- **Problem details**:
Copy the lines running from the one that contains "RICK OWENS FW25" to the end of the entries below, exactly and with no pictures.

Data extracted from a collection:

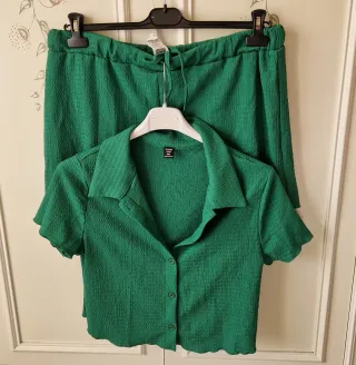 Completo estivo composto da top e gonna. Poliestere elastico Maglietta Lunghezza cm 46 da ascella ad ascella cm 48 larghezza spalle cm 42 Pantaloncini Lunghezza cm 38 vita cm 46 - Tessuto leggermente testurizzato. - Top con colletto e chiusura a bottoni. - Gonna con elastico in vita e coulisse.
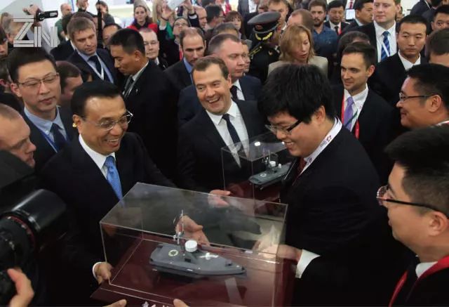 2014年张云飞在莫斯科向中俄两国总理介绍无人船
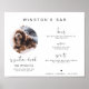 Este sinal de bebida de assinatura apresenta uma ranhura para foto, uma fonte manuscrita arrojada e um design minimalista moderno. Altere facilmente a fonte e a cor do fundo para combinar com o seu evento. Este sinal é perfeito para adicionar uma foto dos noivos, crianças ou seu animal de estimação favorito. As informações adicionais do bar no lado direito são perfeitas para ter apenas um sinal em seu evento, mostrando todas as suas opções de bebida.
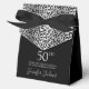 This elegant 50th Birthday Silver Leopard Print Thank You favor box with shimmering silver faux foil, the birthday girl's name in a trendy script font, and tied with an beautiful black bow would be perfect for your event. It would be great for a candy station, on a thank you gift table, or at each place setting with a favor. Be sure you order enough for all your guests.
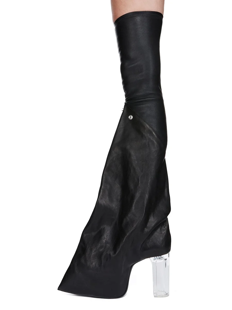RICK OWENS FW25 CONCORDIANS RUNWAY TACO KISS IN ZWART/DOORZICHTIG STRETCH LAMSLEER EN GEWASSEN KALFSLEER
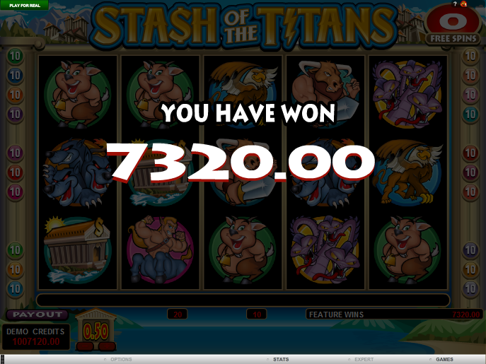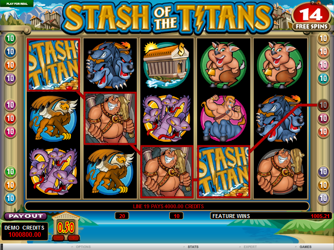 Stash of the Titans – это пяти барабанный не прогрессивный слот от компании Microgaming Video Slot, с 20-ю линиями выплат, диким символом, рассыпным символом, множителем, бесплатными вращениями и джек-потом в размере 10,000 монет.
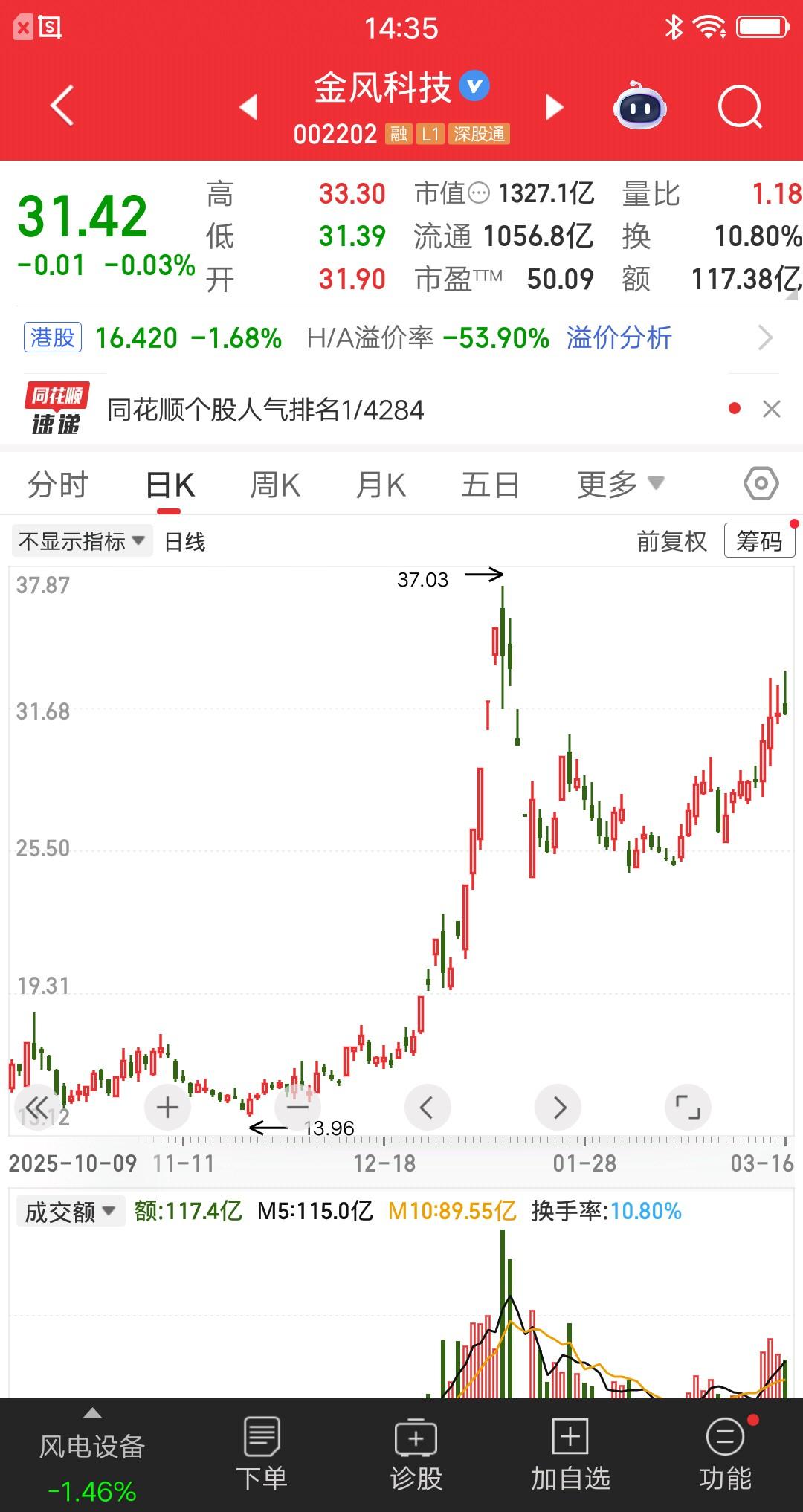 金风科技最高冲到5.66%的涨幅,就开始震荡回落,目前运行到零轴了。人气也升到了热股榜第一位,说明关注的人非常多。无非是两类人,一种是被套的,自然每天都会看一眼。一种是认为还能走二波的,想找机会参与。 我们看日线,出于谨慎态度,还是应该看做超跌反弹。就是对前期的踩踏式杀跌,进行技术性修复,目的是给散户解套。这也是主力呵护市场的体现,即赚了散户的钱,又能让散户继续玩下去,真高明! 提醒大家,别把反弹当反转,头脑一热进去了。解套的人,别觉得自己又行了,你只不过是碰到了有良心的主力。

- **Solved exercise**:
RICK OWENS FW25 CONCORDIANS RUNWAY TACO KISS IN ZWART/DOORZICHTIG STRETCH LAMSLEER EN GEWASSEN KALFSLEER
 Stash of the Titans – это пяти барабанный не прогрессивный слот от компании Microgaming Video Slot, с 20-ю линиями выплат, диким символом, рассыпным символом, множителем, бесплатными вращениями и джек-потом в размере 10,000 монет.
 金风科技最高冲到5.66%的涨幅,就开始震荡回落,目前运行到零轴了。人气也升到了热股榜第一位,说明关注的人非常多。无非是两类人,一种是被套的,自然每天都会看一眼。一种是认为还能走二波的,想找机会参与。 我们看日线,出于谨慎态度,还是应该看做超跌反弹。就是对前期的踩踏式杀跌,进行技术性修复,目的是给散户解套。这也是主力呵护市场的体现,即赚了散户的钱,又能让散户继续玩下去,真高明! 提醒大家,别把反弹当反转,头脑一热进去了。解套的人,别觉得自己又行了,你只不过是碰到了有良心的主力。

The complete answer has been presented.